When cattle, sheep, pigs, and wheat arrived on the shores of Great Britain about 5,000 years ago, fish quickly fell off the Neolithic menu, according to an analysis of human bones scattered throughout the island.

The research helps resolve a debate over whether the adoption of domesticated plants and animals introduced to Great Britain from the European mainland was a gradual or rapid process, said Michael Richards, an archaeologist at the University of Bradford in England.

"The traditional archaeological evidence is somewhat ambiguous, hence the debate," he said.

By 4000 B.C. the archaeological record shows that pottery and large stone-built tombs and domesticated plants and animals were present in Great Britain, but it is not clear whether they replaced the marine-based hunter-gatherer lifestyle quickly or piecemeal over several hundred years.

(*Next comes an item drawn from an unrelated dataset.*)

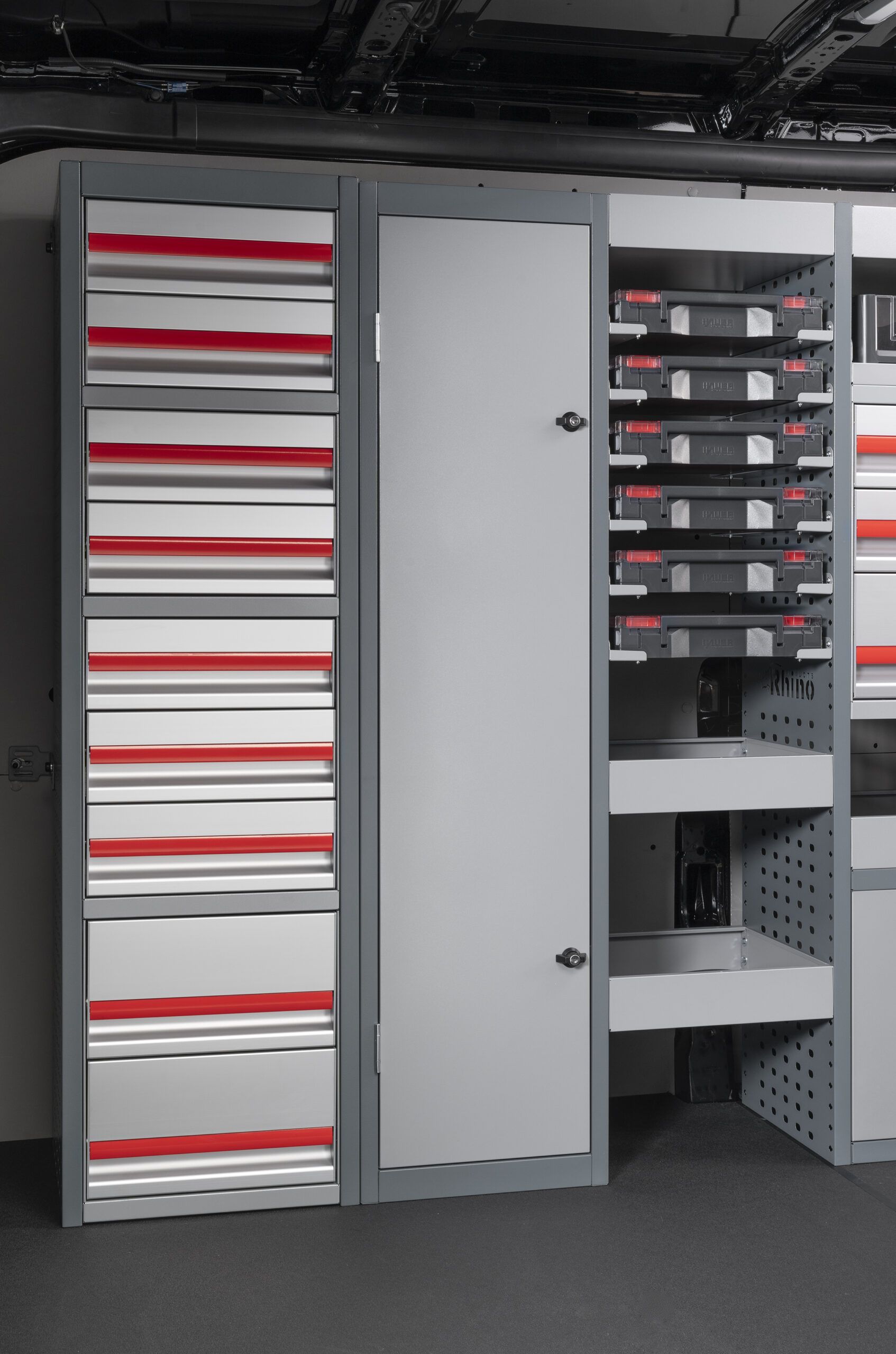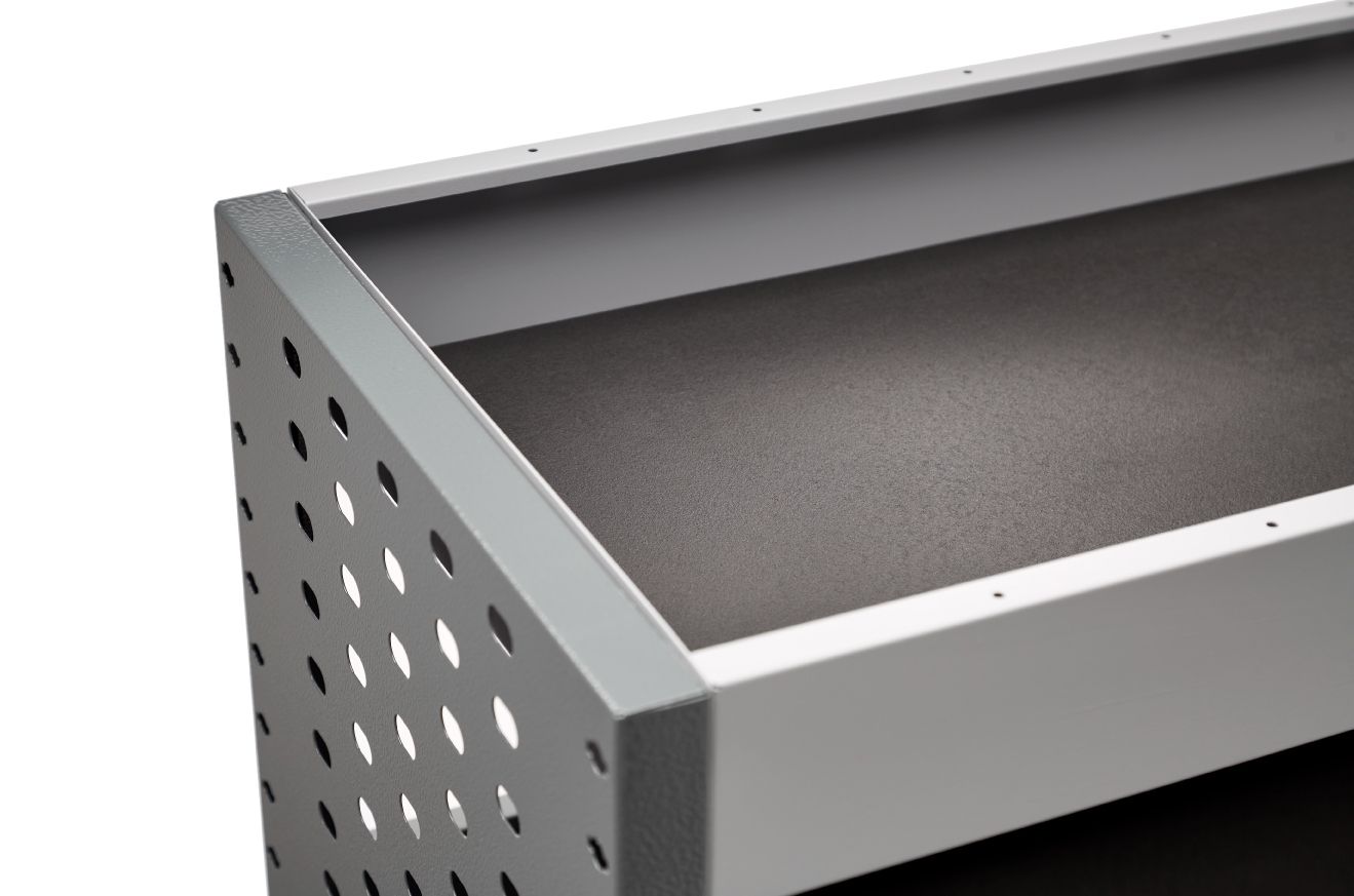 Celoplošné, samostatně stojící skříňky se zámkem, vyrobené z pevné oceli, které zabraňují pohybu větších předmětů během přepravy. Menší skříňky lze umístit do polic podle zvolené konfigurace.

Mark Copley, a chemist at the University of Bristol in England who studies the Neolithic diet by analyzing residues left on shards of ancient pottery, said understanding how quickly diet changed in England provides insight to what happened to the people who lived in Great Britain during the Mesolithic (9,000 to 5,200 years ago). The ensuing Neolithic period (5,200 to 4,500 years ago) is the last phase of the Stone Age.

"Farming really took off in Britain during the Neolithic. The main questions concerning the speed of change relates to how quickly Mesolithic peoples adapted—or otherwise—to the new farming methods and/or the spread of farming into Britain by new farming communities," he said.

The research by Richards and colleagues Rick Schulting at Queen's University Belfast and Robert Hedges at the University of Oxford tracks the shift in diet by examining the dietary signature stored in the bones.

They find that the shift was rapid and complete at the onset of the Neolithic. "Marine foods, for whatever reason, seem to have been comprehensively abandoned," the researchers conclude in the September 25 issue of the journal Nature.

You Are What You Eat

As the maxim "you are what you eat" goes, our bones and bodily tissues are made up of elements taken from the food we consume. As a result, our bones and bodily tissues contain a record of the food we have eaten over the course of our lives.

When we die, our skin usually decomposes, leaving behind bones. By examining the elements in the bones of a person long dead, researchers can determine the main constituents of that individual's diet.

Richards and colleagues looked at the dietary signatures left behind in bones of inland and coastal-dwelling inhabitants of Britain during the Neolithic and the preceding 3,800 years (Mesolithic) to determine what they ate.